Ben Howlett made his living as an offensive sparkplug for the West Liberty University men's basketball team.
Now the former Marietta High School standout wants to give back and teach his tricks of the trade to the next generation of players.
Heading into his second full year as director of the Hilltopper Basketball Camp in West Liberty, W.Va., Howlett brings in a staff which consists of current members of the WLU program. The camp runs from July 22-25 and Howlett encourages anyone entering grades 5-12 looking to develop their offensive skills to register.
"I think so many camps are ran the same way and kids don't get much out of it," said Howlett, who serves as an assistant to WLU head coach Jim Crutchfield. "We concentrate on one thing. I coach the same way we coach the guys here at West Liberty. We get them to do the same exact drills.
"A lot of times, camps are not real intense. We like high intensity with our practices and we have that at the camp as well."
Howlett is hoping to lure prospects from the Mid-Ohio Valley as part of his camper base - the same area where he lit up the scoreboard with his outside shooting as a member of the Marietta Tigers. The 2005 MHS graduate still holds school records for most points in a career, in a season and for one game.
He still remembers the 48-point performance against Tyler Consolidated, but living in the past is not his focus. One of his top priorities is someday landing a head coaching position in the college ranks.
What better individual to learn from than Crutchfield, who recently won the West Virginia Sportswriters Association's College Coach of the Year award after leading the Hilltoppers to their second consecutive 30-win season and back-to-back NCAA Division II Atlantic Region championships.
"Coach Crutchfield actually had a vision when he first took the job that people probably thought he was nuts to play this much up-tempo and this fast," Howlett said. "But it's done nothing but good things. It's a fun program to play in and as a player they were the best four years of my life."
WLU has taken scoring to another level - averaging more than 97 points per game the past seven seasons. Howlett noted that the program gets labeled for not being defensive-minded, but that is far from the truth.
"We get that reputation of being a run-and-gun team, but we do guard and emphasize defense," Howlett said.
As a player, Howlett thrived in the Hilltopper system. After averaging 20.1 ppg as a junior, he emerged as the fourth-leading Division II scorer in the nation (23.0 ppg) as a senior and ranked among the top 20 nationally in field-goal percentage at 61.1 percent.
Howlett finished his career ranked No. 11 on WLU's career scoring list with 1,663 points and No. 2 all-time at the school in field-goal percentage at 58.9. He said none of that would have been possible without a strong work ethic.
Following his senior year of college basketball, Howlett entertained thoughts of playing internationally after receiving offers from professional teams based in Latvia and several other European countries. Instead, he decided to remain on staff with Crutchfield as a student assistant.
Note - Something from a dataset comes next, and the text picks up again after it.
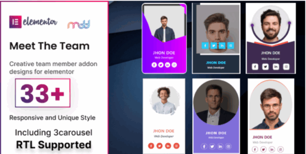 Satış Sayfası Ekiple Tanışın, Elementor için benzersiz tasarımlı Ekip Üyesi Eklentisidir. Harika görünen 3 atlıkarınca stili de dahil olmak üzere 33’ten fazla farklı stil var. Son derece özelleştirilebilir; herhangi bir rengi, sosyal simgeyi ve öğe hizalamasını değiştirebilirsiniz. Bu eklenti artık RTL desteklidir. Bilgi için 100’den fazla hazır tasarım çok yakında eklenecektir.

Howlett later spent one season as an assistant with Ohio Valley University and head coach Mike Snell before returning to WLU.
"I was close to doing it (playing overseas)," Howlett admitted. "I wanted to do it, but I took another year to graduate and I didn't want to go overseas without having my degree. I guess it all worked out in the end."
Howlett insists he can still shoot the rock. As a matter of fact, whenever the WLU scout team is short a player Howlett is called upon to fill in and lace up the sneakers.
"It's still something I love to do," he said.
Howlett, who is the son of Paul and Margo Howlett, now calls West Liberty his second home. An ideal location considering Morgantown is a short distance away.
"My dad went to West Virginia University and I grew up going to basketball and football games," Howlett said. "I've been a big WVU fan my whole life."
For the time being, Howlett is preparing for his camp, which will rival the same number produced by the WLU offense.
"I'm looking to get around 100 kids," Howlett said. "With some of these camps, there are so many breaks - but with ours, they will be playing a lot of basketball."